We have described that Lrp4 is necessary to form and to maintain the functional NMJ. This suggests that the malfunction of Lrp4 could directly and/or indirectly contribute to the dysfunction of the NMJ. This, in contrast, indicates that strengthening and promoting the Lrp4 function would lead to enhancing the NMJ function. This drives us to investigate further the mechanisms of NMJ formation, maintenance, and pathology with the ultimate target of identifying new drugs for the treatment of ALS.

We focus on the activity of Lrp4 toward motor neurons and by mimicking NMJ formation in vitro with our technology we aim to find novel therapeutic targets and therapeutics for ALS, that would strengthen and/or promote NMJ formation.

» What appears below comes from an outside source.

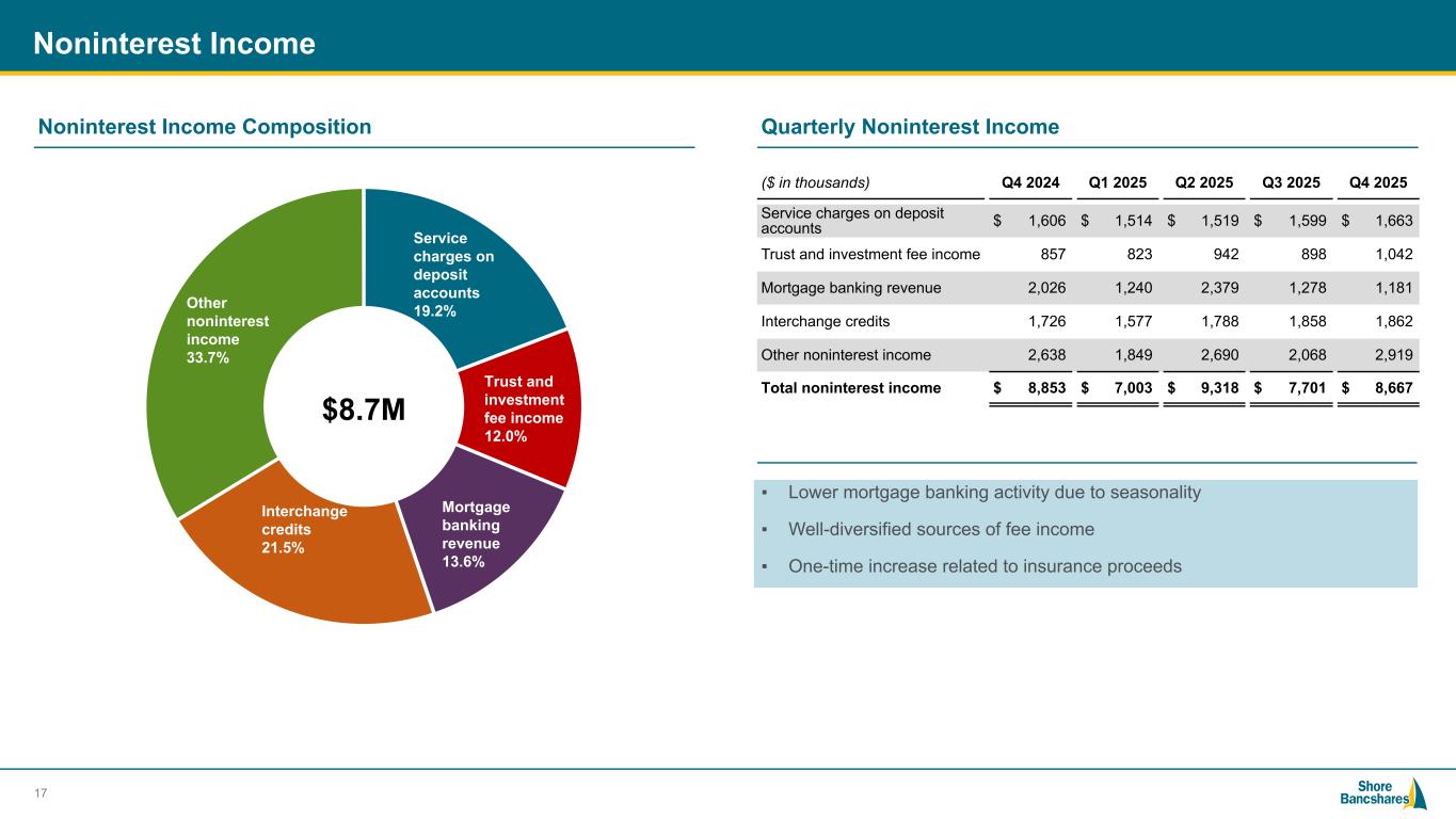 #006881 #ACC0C6 #83AFB4 #FEBE10 #5F574F #4D4F53 #C75B12 #5B8F22 #593160 Loan Portfolio Details Commercial real estate Residential real estate Construction Commercial Consumer Q4 2024 Q1 2025 Q2 2025 Q3 2025 Q4 2025 5.00% 5.50% 6.00% 6.50% 7.00% 7.50% 8.00% 16 Selected Yields (%) 5.25% 5.35% 5.44% 5.42% 5.45% 3.23% 3.05% 3.05% 2.96% 2.97% Total interest-earning assets Total interest-bearing liabilities 2024 Q4 2025 Q1 2025 Q2 2025 Q3 2025 Q4 2.00% 3.00% 4.00% 5.00% 6.00% Assets & Liability Yield / Rate Trends Asset yields excluding accretion continue to reprice at higher rates while interest-bearing liability yields lower QoQ (1) (1) included accelerated credit mark associated with paydown of a loan

Yumoto. et. al. Nature. 2012 Sep 20;489(7416):438-42. The effect of control proteins or purified Lrp4 on cultured motor neurons. The Synapsin signal (red) is uniformly distributed when the control proteins were added to the cultured motor neurons (green) (left column). Synapsin was accumulated and the NMJ-like structure was formed when purified Lrp4 proteins were added to the motor neurons (right column).


1.Schaefer AM, Sanes JR, Lichtman JW. A compensatory subpopulation of motor neurons in a mouse model of amyotrophic lateral sclerosis. J Comp Neurol. 2005 Sep 26;490(3):209-19
2.Yumoto N, Kim N, Burden SJ. Lrp4 is a retrograde signal for presynaptic differentiation at neuromuscular synapses. Nature. 2012 Sep 20;489(7416):438-42.
3.Barik A, Lu Y, Sathyamurthy A, Bowman A, Shen C, Li L, Xiong WC, Mei L. LRP4 is critical for neuromuscular junction maintenance. J Neurosci. 2014 Oct 15;34(42):13892-905.